Alzheimer’s disease (AD) speech detection faces three key challenges: substantial intra-class variability in cognitive impairment severity, absence of fine-grained severity labels, and instance-level class imbalance—leading to poor generalization of conventional binary classifiers. To address these, we depart from the binary classification paradigm and propose Soft Target Distillation (SoTD) to model AD severity as a continuous spectrum, coupled with Instance-level Rebalancing (InRe) to mitigate severity distribution shift. Our method integrates multi-model knowledge distillation, severity-aware dynamic weighted sampling, and end-to-end speech representation learning. Evaluated on the ADReSS and ADReSSo benchmarks, our approach achieves significant accuracy improvements over baselines. SoTD enhances discriminative consistency across severity levels, while InRe effectively suppresses overfitting. Experimental results demonstrate that our framework robustly models real-world clinical heterogeneity in AD progression.

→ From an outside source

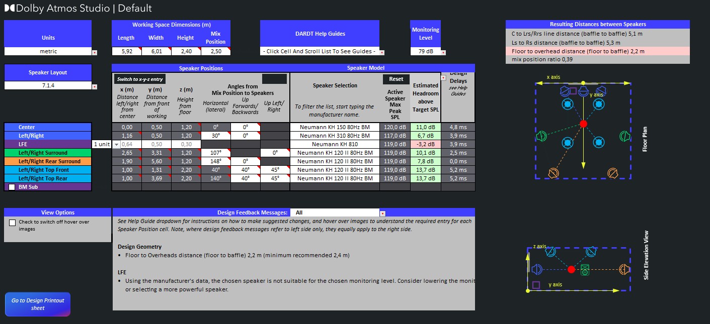 Markus Ziegler von der Firma Dolby stellt uns mit „DARDT“ ein bewährtes Tool zur Planung der Lautsprecher-Positionierung zur Verfügung. DARDT ermöglicht es, den Raum innerhalb der Dolby-Vorgaben zu optimieren. Für Schulungszwecke am HOFA-College ist uns ein möglichst breiter Sweetspot wichtig, was wir hiermit optimal vorbereiten können.

Alzheimer's Disease (AD) detection has emerged as a promising research area that employs machine learning classification models to distinguish between individuals with AD and those without. Unlike conventional classification tasks, we identify within-class variation as a critical challenge in AD detection: individuals with AD exhibit a spectrum of cognitive impairments. Given that many AD detection tasks lack fine-grained labels, simplistic binary classification may overlook two crucial aspects: within-class differences and instance-level imbalance. The former compels the model to map AD samples with varying degrees of impairment to a single diagnostic label, disregarding certain changes in cognitive function. While the latter biases the model towards overrepresented severity levels. This work presents early efforts to address these challenges. We propose two novel methods: Soft Target Distillation (SoTD) and Instance-level Re-balancing (InRe), targeting two problems respectively. Experiments on the ADReSS and ADReSSo datasets demonstrate that the proposed methods significantly improve detection accuracy. Further analysis reveals that SoTD effectively harnesses the strengths of multiple component models, while InRe substantially alleviates model over-fitting. These findings provide insights for developing more robust and reliable AD detection models.